== What is expected ==
Although the material holds pictures, none belong in the copy; transcribe exactly, and only, the lines from the one with "As denúncias ficaram" through the end.

== Records ==
[Start of Attachment]

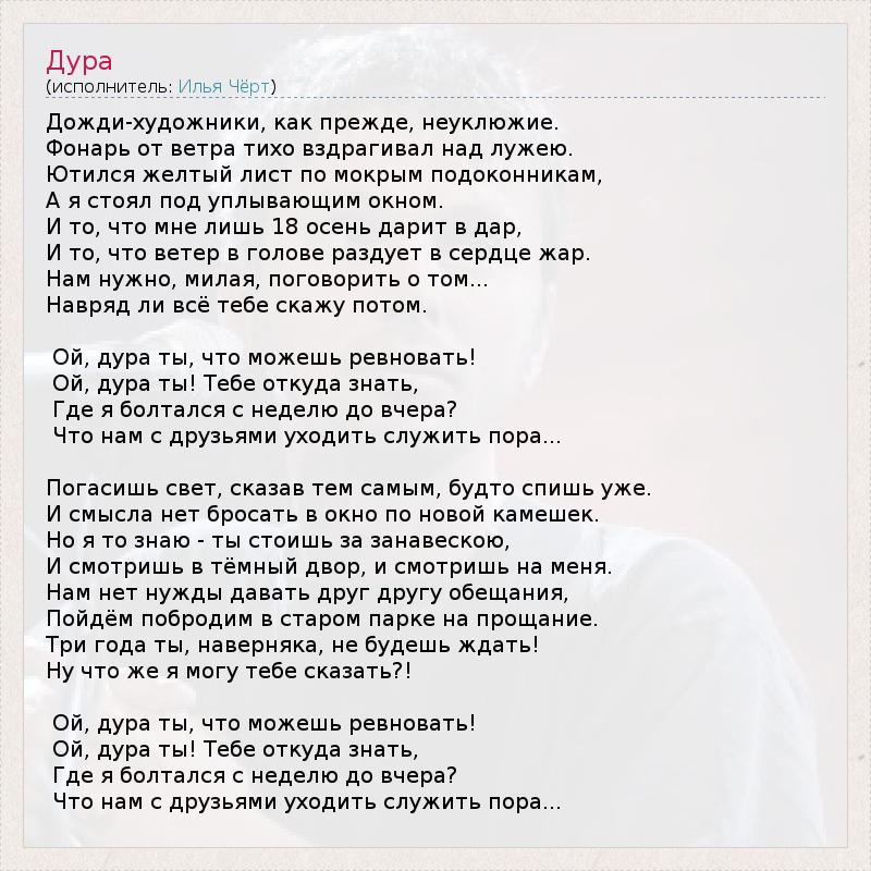 Дожди-художники, как прежде, неуклюжие. Фонарь от ветра тихо вздрагивал над лужею. Ютился желтый лист по мокрым подоконникам, А я стоял под уплывающим окном. И то, что мне лишь 18 осень дарит в дар, И то, что ветер в голове раздует в сердце жар. Нам нужно, милая, поговорить о том... Навряд ли всё тебе скажу потом. Ой, дура ты, что можешь ревновать! Ой, дура ты! Тебе откуда знать, Где я болтался с неделю до вчера? Что нам с друзьями уходить служить пора... Погасишь свет, сказав тем самым, будто спишь уже. И смысла нет бросать в окно по новой камешек. Но я то знаю - ты стоишь за занавескою, И смотришь в тёмный двор, и смотришь на меня. Нам нет нужды давать друг другу обещания, Пойдём побродим в старом парке на прощание. Три года ты, наверняка, не будешь ждать! Ну что же я могу тебе сказать?! Ой, дура ты, что можешь ревновать! Ой, дура ты! Тебе откуда знать, Где я болтался с неделю до вчера? Что нам с друзьями уходить служить пора...
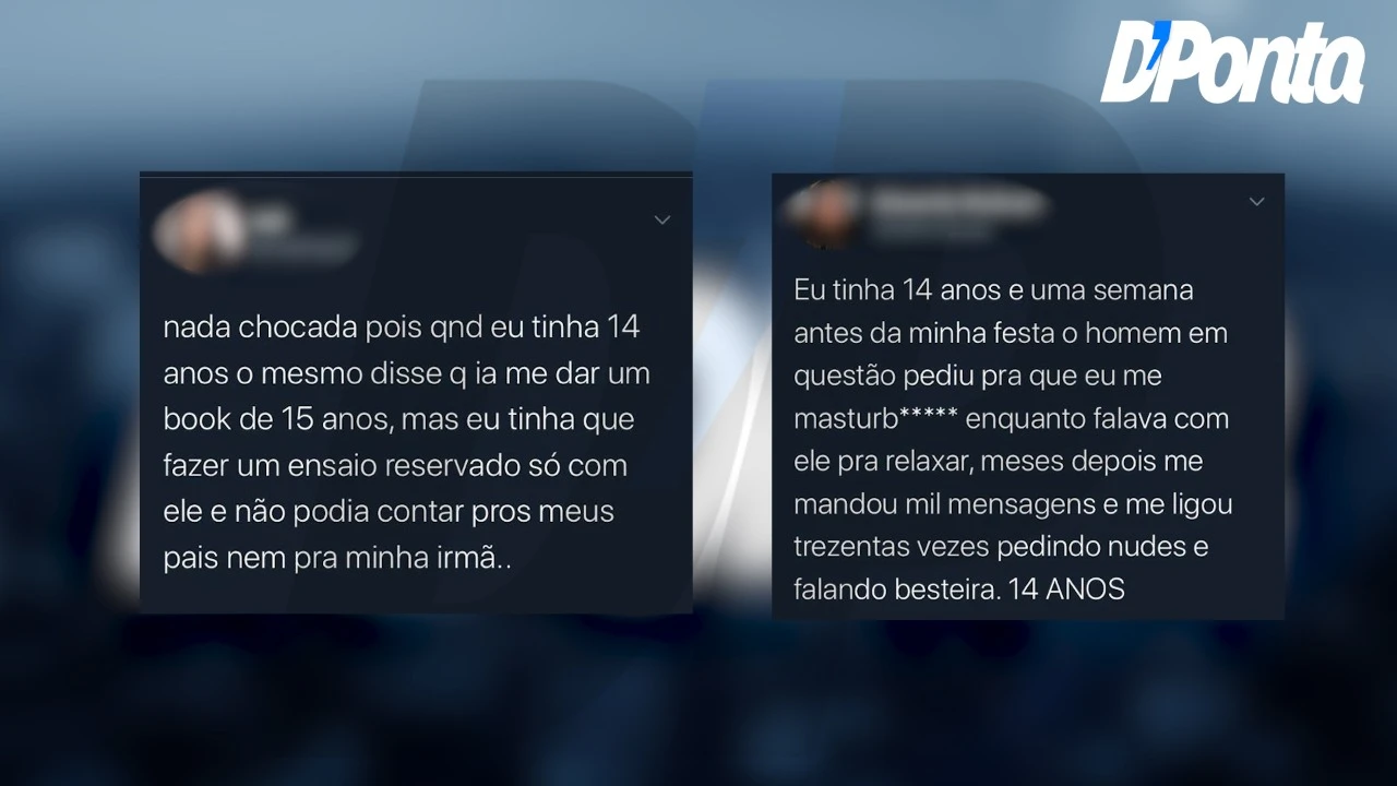 As denúncias ficaram entre os assuntos mais comentados do Twitter no Brasil. As mulheres relataram como os supostos abusos aconteciam. "Uma vez, fui fotografar com um tal fotógrafo daqui de Ponta Grossa e ele pediu para eu ir sem calcinha no dia do ensaio. Meninas, por favor, não caiam nessa", escreveu uma das acusadoras. "Nada chocada, pois, quando eu tinha 14 anos, o mesmo disse que ia me dar um book de 15 anos, mas que eu tinha de fazer um ensaio reservado só com ele e não podia contar nem para os meus pais, nem para minha irmã", revelou garota.
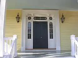 A full-length, one-story portico graces the front façade. The portico was completed in 2009, and its design is inspired by the one found on the front façade of Cherry Hill (Warren County, North Carolina), which was built by John A. Waddell, a Jacob W. Holt-school builder.[19] The portico features a bracketed cornice, a balustrade which creates a balcony accessible from double doors in the central bay of the second floor, and is supported by six sets of square, fluted columns.[20] The house's main entryway is located in the central bay of the front façade, and consists of a pair of paneled doors surrounded by unique sidelights and a transom punctuated by circular “pinwheel” windows in each corner. This entryway is identical to that of Vine Hill (Franklin County, North Carolina), which was built by Jacob W. Holt in 1856.
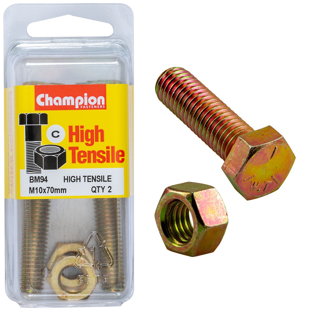 BM94 | Champion Hex Set Screw High Tensile M10x70mm Grade 8.8 – 2pk Specifications M10x70mm METRIC Zinc Plated HIGH TENSILE GRADE 8.8
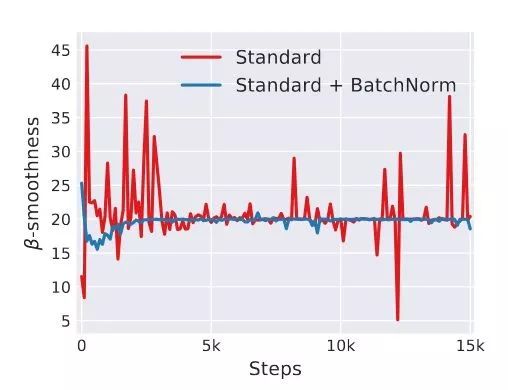 图21展示了用L-Lipschitz函数来衡量采用和不采用BN进行神经网络训练时两者的区别,可以看出未采用BN的训练过程中,L值波动幅度很大,而采用了BN后的训练过程L值相对比较稳定且值也比较小,尤其是在训练的初期,这个差别更明显。这证明了BN通过参数重整确实起到了平滑损失曲面及梯度的作用。
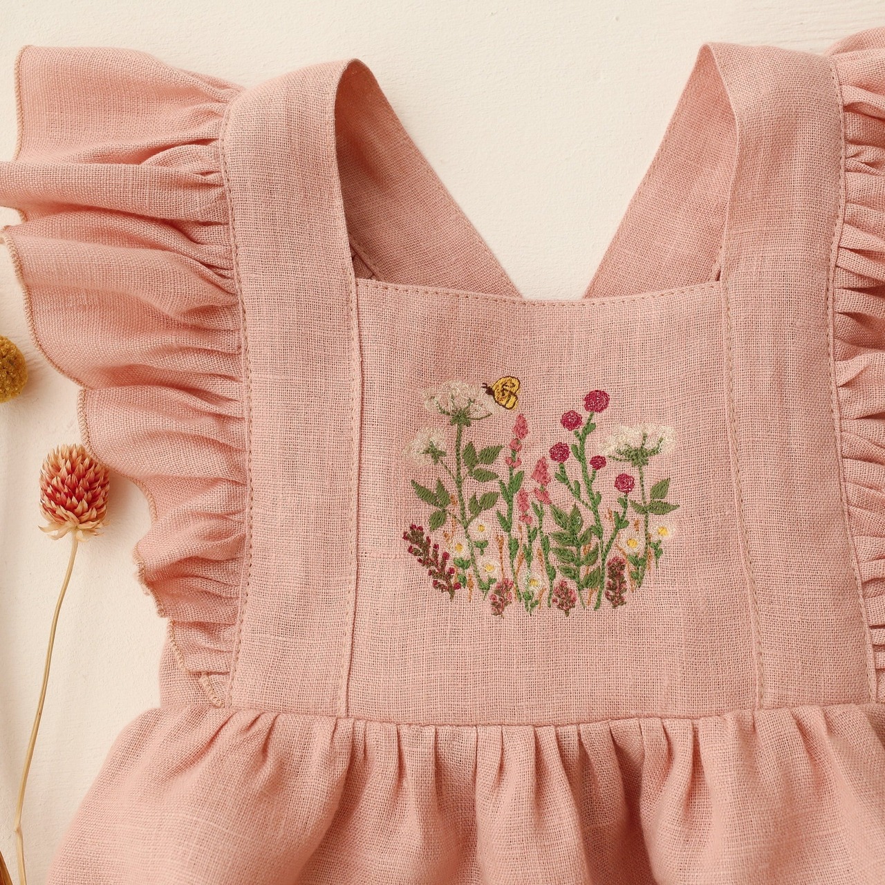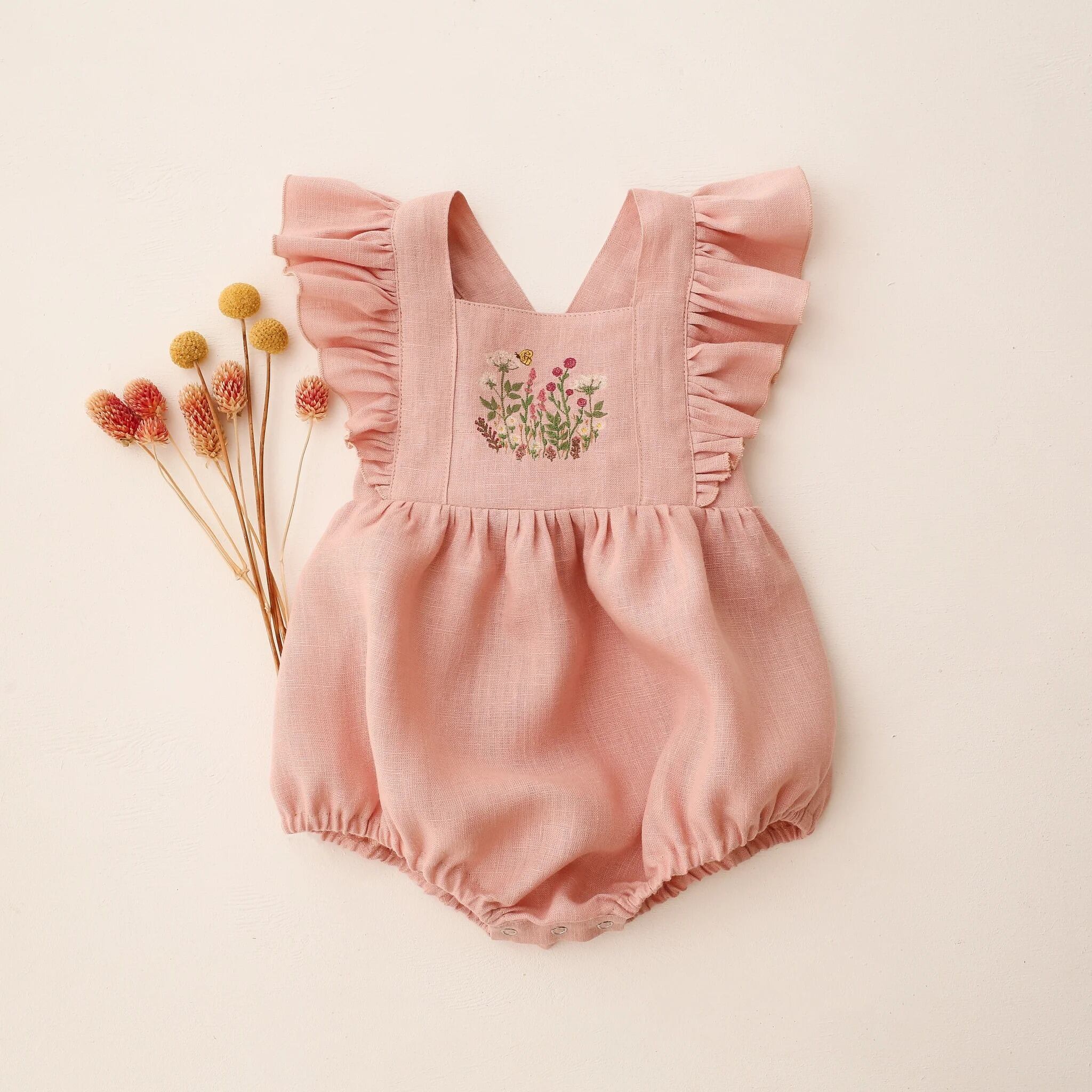 ボディのリネン生地と胸元の刺繍をお選びいただき、自由にカスタマイズが可能です。

[End of Attachment]

== Task solution ==
 As denúncias ficaram entre os assuntos mais comentados do Twitter no Brasil. As mulheres relataram como os supostos abusos aconteciam. "Uma vez, fui fotografar com um tal fotógrafo daqui de Ponta Grossa e ele pediu para eu ir sem calcinha no dia do ensaio. Meninas, por favor, não caiam nessa", escreveu uma das acusadoras. "Nada chocada, pois, quando eu tinha 14 anos, o mesmo disse que ia me dar um book de 15 anos, mas que eu tinha de fazer um ensaio reservado só com ele e não podia contar nem para os meus pais, nem para minha irmã", revelou garota.
 A full-length, one-story portico graces the front façade. The portico was completed in 2009, and its design is inspired by the one found on the front façade of Cherry Hill (Warren County, North Carolina), which was built by John A. Waddell, a Jacob W. Holt-school builder.[19] The portico features a bracketed cornice, a balustrade which creates a balcony accessible from double doors in the central bay of the second floor, and is supported by six sets of square, fluted columns.[20] The house's main entryway is located in the central bay of the front façade, and consists of a pair of paneled doors surrounded by unique sidelights and a transom punctuated by circular “pinwheel” windows in each corner. This entryway is identical to that of Vine Hill (Franklin County, North Carolina), which was built by Jacob W. Holt in 1856.
 BM94 | Champion Hex Set Screw High Tensile M10x70mm Grade 8.8 – 2pk Specifications M10x70mm METRIC Zinc Plated HIGH TENSILE GRADE 8.8
 图21展示了用L-Lipschitz函数来衡量采用和不采用BN进行神经网络训练时两者的区别,可以看出未采用BN的训练过程中,L值波动幅度很大,而采用了BN后的训练过程L值相对比较稳定且值也比较小,尤其是在训练的初期,这个差别更明显。这证明了BN通过参数重整确实起到了平滑损失曲面及梯度的作用。
 ボディのリネン生地と胸元の刺繍をお選びいただき、自由にカスタマイズが可能です。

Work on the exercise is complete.